If you have been reading with your own needs in mind, it should be becoming clear which mics you should be looking for. Otherwise, now is the time to fix your objectives in mind. Are you recording lectures or community meetings? Are you gathering dialogue for a video? Are you conducting interviews in the street? Are you recording live concerts or your own band in rehearsal? Are you making nature or soundscape recordings?

These are some of the common tasks people ask me about. So, let me take them one at a time, and discuss what microphones might be best. I'll recommend microphone types (dynamic, condenser, electret, boundary), polar patterns (omni, cardioid, shotgun), and discuss power requirements. I'll even recommend some specific tried-and-true microphone models.

Context and Disclaimers
One big disclaimer. There are hundreds of brands and thousands of makes of microphones on the market. I have used only a fraction of these, and have worked extensively with even fewer. (My goal is recording, not microphone reviewing.) Besides, everyone has their favourites. Though I will mention specific models, there will be other choices that will work just as well for the given application. Despite this, I see no harm in making recommendations based on consensus among recordists, based on my extensive and ongoing readings.
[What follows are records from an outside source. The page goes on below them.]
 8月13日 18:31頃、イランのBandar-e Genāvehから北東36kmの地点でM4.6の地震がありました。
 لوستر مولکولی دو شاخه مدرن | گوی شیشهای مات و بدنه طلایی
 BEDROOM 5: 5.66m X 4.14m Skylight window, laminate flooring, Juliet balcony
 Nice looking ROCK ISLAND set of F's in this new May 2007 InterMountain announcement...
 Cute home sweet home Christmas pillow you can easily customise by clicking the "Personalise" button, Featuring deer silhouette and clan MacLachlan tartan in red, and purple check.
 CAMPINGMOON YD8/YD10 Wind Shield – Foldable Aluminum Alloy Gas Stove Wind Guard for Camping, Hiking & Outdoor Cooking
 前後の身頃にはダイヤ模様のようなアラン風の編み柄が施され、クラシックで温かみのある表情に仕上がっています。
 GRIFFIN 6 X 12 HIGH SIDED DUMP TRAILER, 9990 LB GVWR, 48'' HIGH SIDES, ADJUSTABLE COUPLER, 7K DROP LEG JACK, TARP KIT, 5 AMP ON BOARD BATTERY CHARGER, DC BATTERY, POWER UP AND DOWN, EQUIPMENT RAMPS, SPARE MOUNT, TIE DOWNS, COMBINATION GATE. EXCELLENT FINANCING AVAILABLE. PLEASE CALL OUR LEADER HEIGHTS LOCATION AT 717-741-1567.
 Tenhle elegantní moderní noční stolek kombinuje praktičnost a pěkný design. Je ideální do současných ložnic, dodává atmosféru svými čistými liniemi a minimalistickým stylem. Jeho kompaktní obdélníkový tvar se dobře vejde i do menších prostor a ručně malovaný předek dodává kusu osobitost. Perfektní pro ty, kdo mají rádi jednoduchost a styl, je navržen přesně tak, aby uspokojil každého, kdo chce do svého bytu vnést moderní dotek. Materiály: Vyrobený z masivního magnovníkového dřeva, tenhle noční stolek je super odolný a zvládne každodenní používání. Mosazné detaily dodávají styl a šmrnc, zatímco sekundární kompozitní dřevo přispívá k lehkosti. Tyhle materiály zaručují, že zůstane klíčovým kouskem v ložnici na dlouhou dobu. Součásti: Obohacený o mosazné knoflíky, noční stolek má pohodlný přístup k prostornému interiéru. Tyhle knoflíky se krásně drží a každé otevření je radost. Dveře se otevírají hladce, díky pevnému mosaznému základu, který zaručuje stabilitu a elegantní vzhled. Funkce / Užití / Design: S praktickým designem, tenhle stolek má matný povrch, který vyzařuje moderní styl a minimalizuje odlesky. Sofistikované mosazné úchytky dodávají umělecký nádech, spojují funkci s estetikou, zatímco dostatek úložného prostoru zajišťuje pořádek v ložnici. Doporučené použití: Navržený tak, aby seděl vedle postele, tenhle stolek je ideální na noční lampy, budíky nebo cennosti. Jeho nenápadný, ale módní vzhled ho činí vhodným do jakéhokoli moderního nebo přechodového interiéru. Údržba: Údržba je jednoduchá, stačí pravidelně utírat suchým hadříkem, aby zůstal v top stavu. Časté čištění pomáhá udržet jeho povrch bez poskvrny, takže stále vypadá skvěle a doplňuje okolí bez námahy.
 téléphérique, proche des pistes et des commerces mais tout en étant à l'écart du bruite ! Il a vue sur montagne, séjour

Take no offence if I do not mention your specific tools, since this article is only meant as a gentle introduction!

That said, if you have found some great solution you'd like to share, please contribute in the comments.

Another thing to keep in mind is that I am primarily concerned with field recording. To my mind, that's why we use a small portable recorder. If we have the luxury of a studio space or a concert hall, we also generally have access to bulkier and more expensive gear. I will by and large ignore studio equipment in this primer; I won't be recommending ribbon mics, large-diameter condensers, and so on. It's not to say that you absolutely cannot use such equipment in the field, but generally there are more practical choices.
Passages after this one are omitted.